If someone buys into those justifications, it’s a powerful way to take the third-class principle and turn it back on those same “liberal elites”: I am falsely being called a racist (I am part of the second class), but only by people who are the real racists (the first class that’s annoying me is actually the third class, and I am morally superior to them). This is why conservative operatives have actively sought out concepts and terms, such as critical race theory, to get mad at, so that folks who have bought into this third-class principle can actually justify their approach with the exact same logic that drives their worldview.
IV. On Grievance Politics
We’ve seen this third-class principle taken close to its logical conclusion. The Republican news ecosystem has turned into a perpetual outrage machine, constantly running down and boosting stories that fit a preordained narrative—even sometimes when those stories are grossly exaggerated or simply untrue. This is what has been termed grievance politics—a repeated cycle of engaging with politics only by trying to find people that should fit in that third class. In plainer terms, it’s simply a repeated cycle of making up a guy to be mad at.
The lies about Haitian immigrants? The third class is immigrants, people of color, and in particular immigrants of color. The lies about trans folks in bathrooms or in sports? The third class is all LGBTQ+ people, who are sexual predators or cheaters. It starts to be easy to see how racist, sexist, anti-Semitic, anti-poor, or any other bias can get absorbed by the grievance politics machine, to the point where if you have a deep-seated bias, the Republicans can play on it.
And the perfect vessel for grievance politics is JD Vance. This is someone who can talk smoothly and discuss some of these same highfalutin concepts as the liberal elites, but who throws the principles of liberal discourse back in the faces of the elites and spews the same lies anyway. If Vance can lie, admit that he lied, and still get away with those exact lies on a debate stage, how can anybody criticize a regular person for saying the same things? For getting mad at the same guy JD Vance made up?
It could be a glimpse of the future of grievance politics: a future where powerful and credentialed elected officials have no compunction about creating slick, well-packaged outright lies to stir up fear, to gin up hate, and to actively make it impossible to have fact-based conversations about policy. To attack the fact-checkers as part of the problem, and to watch the libs be owned when they insist on those facts. It’s a grim picture, but it’s one that the apparatus of the Republican Party has to keep choosing for it to advance further.
So how can we make the party stop choosing that path, when it’s all they’ve enabled for the last 15 years?
V. On Vibes, and the Way Forward
As a recovering candidate for political office, I can tell you that politicians are in the business of wanting power. If they see that a certain path will make it less likely that they get the power that they want, they won’t take it. So how do we get there?
Full disclosure: When Tim Walz first started calling Republicans “weird”, I hated the messaging. I thought it would push Republican voters further into their bubble and simply stoke further resentment. But something fascinating happened: Republican elected officials and other people with power and platforms all melted down simultaneously, and it highlighted that most of these grievance politicians have actual policy views that are wildly out of the mainstream.

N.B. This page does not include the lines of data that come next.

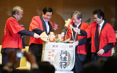 據臺灣“中央社”6日的報道,馬英九6日晚間出席2011年臺北日本人會、臺北市日本工商會新年會,除了致詞外,也參加日本“開鏡”儀式。馬英九身穿日本傳統紅色服裝,與日本人士以木槌打擊清酒桶,并和現場來賓舉杯共祝新年愉快。
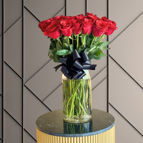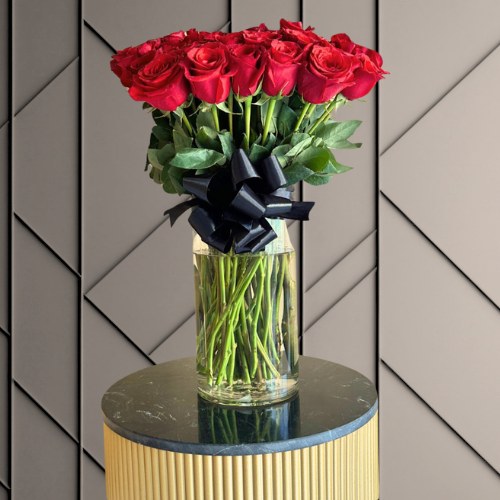A timeless arrangement of premium red roses, hand-selected for their rich color and freshness, elegantly styled in a clear glass vase and finished with a refined black ribbon. Perfect for romantic gestures, anniversaries, or classic interior styling.
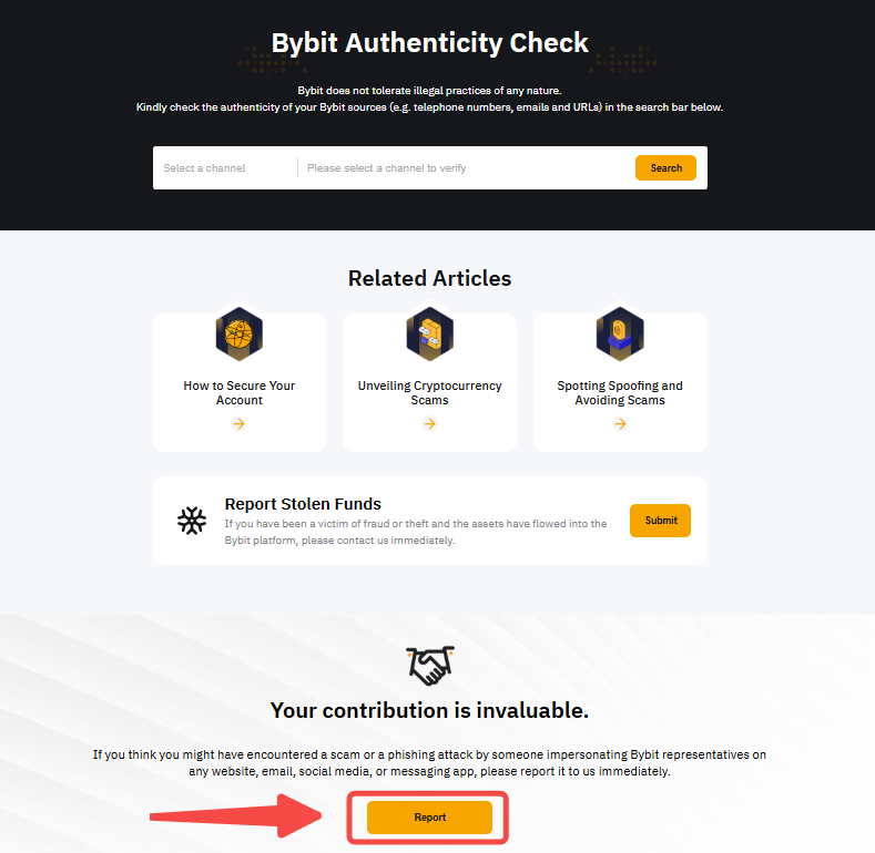 - 转到官方验证页面,单击“举报”,然后提交报告以进行进一步调查。
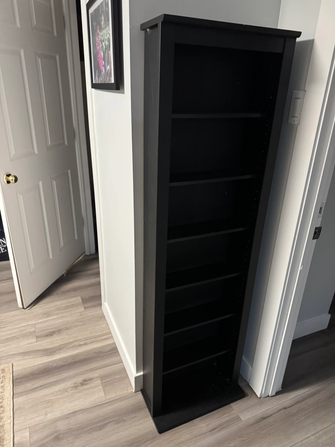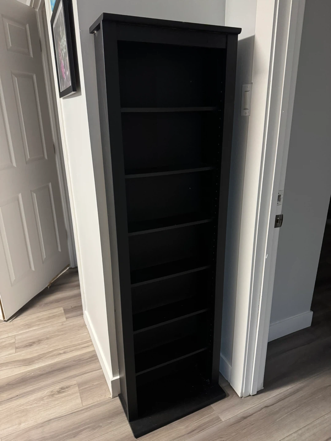 Selling a black media storage tower. It's in great condition and ready for a new home. Perfect for storing DVDs, CDs, or books! It's a sleek and simple design that fits well in any room selling because I have a few you can look at my listings. Thank you
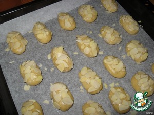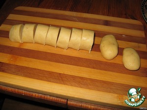 Формируем колбаску, делим её на кусочки и катаем печеньки размером, примерно, с грецкий орех (у меня получилось 25 печенюшек – точно, как указано в рецепте, но можно делать их и помельче). Каждый шарик макаем в слегка взбитый белок и укладываем на застеленный пергаментом противень.
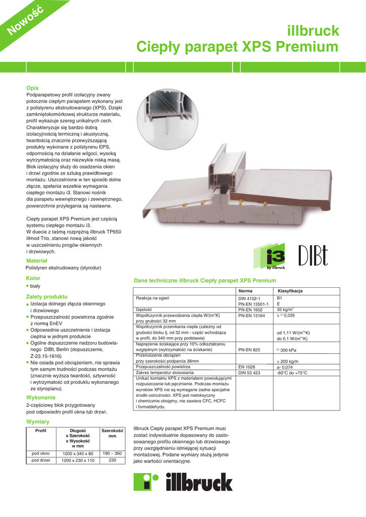 ść o w No illbruck Ciepły parapet XPS Premium Opis Podparapetowy profil izolacyjny zwany potocznie ciepłym parapetem wykonany jest z polistyrenu ekstrudowanego (XPS). Dzięki zamkniętokomórkowej strukturze materiału, profil wykazuje szereg unikalnych cech. Charakteryzuje się bardzo dobrą izolacyjnością termiczną i akustyczną, twardością znacznie przewyższającą produkty wykonane z polistyrenu EPS, odpornością na działanie wilgoci, wysoką wytrzymałością oraz niezwykle niską masą. Blok izolacyjny służy do osadzenia okien i drzwi zgodnie ze sztuką prawidłowego montażu. Uszczelnione w ten sposób dolne złącze, spełania wszelkie wymagania ciepłego montażu i3. Stanowi nośnik dla parapetu wewnętrznego i zewnętrznego, powierzchnie przylegania są nastawne. Ciepły parapet XPS Premium jest częścią systemu ciepłego montażu i3. W duecie z taśmą rozprężną illbruck TP650 illmod Trio, stanowi nową jakość w uszczelnieniu progów okiennych i drzwiowych. Materiał Polistyren ekstrudowany (styrodur) Kolor Dane techniczne illbruck Ciepły parapet XPS Premium biały Zalety produktu Reakcja na ogień Izolacja dolnego złącza okiennego i drzwiowego Przepuszczalność powietrzna zgodnie z normą EnEV Odpowiednie uszczelnienie i izolacja cieplna w jednym produkcie Ogólne dopuszczenie nadzoru budowlanego DIBt, Berlin (dopuszczenie, Z-23.15-1616) Nie osiada pod obciążeniem, nie sprawia tym samym trudności podczas montażu (znacznie wyższa twardość, sztywność i wytrzymałość od produktu wykonanego ze styropianu). Wykonanie 2-częściowy blok przygotowany pod odpowiedni profil okna lub drzwi. Gęstość Współczynnik przewodzenia ciepła W/(m*K) przy grubości 32 mm Współczynnik przenikania ciepła (zależny od grubości bloku tj. od 32 mm - część wchodząca w profil, do 340 mm przy podstawie) Naprężenie ściskające przy 10% odkształceniu względnym (wytrzymałość na ściskanie) Przenoszenie obciążeń przy szerokości podparcia 38mm Przepuszczalność powietrza Zakres temperatur stosowania Unikać kontaktu XPS z materiałami powodującymi rozpuszczanie lub pęcznienie. Podczas montażu wyrobów XPS nie są wymagane żadne specjalne środki ostrożności. XPS jest nietoksyczny i chemicznie obojętny, nie zawiera CFC, HCFC i formaldehydu. Wymiary Długość x Szerokość x Wysokość w mm Szerokość mm pod okno 1200 x 340 x 80 190 – 360 pod drzwi 1200 x 230 x 110 230 Profil illbruck Ciepły parapet XPS Premium musi zostać indywidualnie dopasowany do zastosowanego profilu okiennego lub drzwiowego przy uwzględnieniu istniejącej sytuacji montażowej. Podane wymiary służą jedynie jako wartości orientacyjne. Norma Klasyfikacja DIN 4102-1 PN-EN 13501-1 PN-EN 1602 PN-EN 13164 B1 E 35 kg/m3 ≤ 0,035 l od 1,11 W/(m2*K) do 0,1 W/(m2*K) PN-EN 825 EN 1026 DIN 53 423 ≤ 300 kPa > 200 kg/m a- 0,074 -60°C do +75°C illbruck Ciepły parapet XPS Premium Montaż illbruck Ciepły parapet XPS Premium klejony jest za pomocą kleju konstrukcyjnego PU014 Multi, MS055 lub zaprawy termoizolacyjnej illbruck na murze podokiennym i ustawiany zgodnie z wytyczonym planem położenia okna. W przypadku istnienia gładzi cementowej na murze podokiennym zaleca się stosowanie kleju konstrukcyjnego PU014 Multi, zaś przy większych nierównościach zaprawy termoizolacyjnej iilbruck. Nie ma konieczności uprzedniego kładzenia gładzi cementowej. Uwaga Dla okien i drzwi o obciążeniu przekraczającym 200kg/mb profilu, zalecane jest systemowe poszerzenie PCV. Stosowanie produku illbruck Ciepły parapet XPS Premium, w takim przypadku, jest niewskazane. Uszczelnienie Przed montażem okna naklejana jest od wewnątrz taśma illbruck illmod 15/4. Taśma uszczelniająca illmod pomaga w hermetycznym uszczelnieniu połączenia. Zastosowanie bloku izolacyjnego odpowiada montażowi i uszczelnieniu okna według najnowszego stanu techniki, zgodnie z wymogami RAL . Rys. 1: Dodatkowe mechaniczne mocowanie parapetu zewnętrznego za pomocą listwy PCV i wkrętów Rys. 2: Optymalne dolne osadzenie okna z produktem illbruck Ciepły parapet XPS Premium. Serwis Asortyment Tremco illbruck Na życzenie klienta firma Tremco illbruck udostępnia w każdej chwili fachową pomoc techniczną. illbruck Taśmy uszczelniające do fug illbruck Pianki poliuretanowe illbruck Taśmy uszczelniające butylowe illbruck Folie illbruck Produkty specjalne Tremco Materiały uszczelniające illbruck Kleje Parapety Parapety zewnętrzne i wewnętrzne klejone są włączonym do systemu wielofunkcyjnym klejem konstrukcyjnym Multi PU014 lub klejem uszczelniającym MS055 i w razie konieczności przykręcane wkrętami (parapet zewnętrzny) (rys. 1). W celu dodatkowego mechanicznego wzmocnienia aluminiowego parapetu zewnętrznego w blok została wsunięta płaska listwa PCV 25 x 2,5 mm. Informacje dodatkowe Powyższe informacje mogą być tylko ogólnymi wskazówkami. Ze względu na to, że nie mamy wpływu na warunki obróbki i zastosowania, jak również z powodu różnorodności stosowanych materiałów, należy przeprowadzić odpowiednie próby we własnym zakresie, aby sprawdzić materiał pod kątem dopasowania się do konkretnego zastosowania. Stan informacji producenta na 03/11. Zastrzega się możliwość zmian technicznych. Najnowszą wersję znajdziecie Państwo na stronie www.tremco-illbruck.pl

This highlights a fascinating asymmetry that’s existed in the political discourse in the last decade: Democrats have spent a lot of time trying to talk about policy, and Republicans have successfully avoided talking about policy in depth, at least in (and as covered by) mainstream outlets. In that period of time, Republicans’ grievance-based approach has given a platform to some people whose worldviews are, well, just plain weird.
The “weird” namecalling has proven surprisingly effective as public shaming within the national discussion, and I think it’s something that can work on a more local level given the right platform, but it isn’t as useful a tool in individual conversation. And this is where we can strike at the heart of what drives people toward the third-class principle.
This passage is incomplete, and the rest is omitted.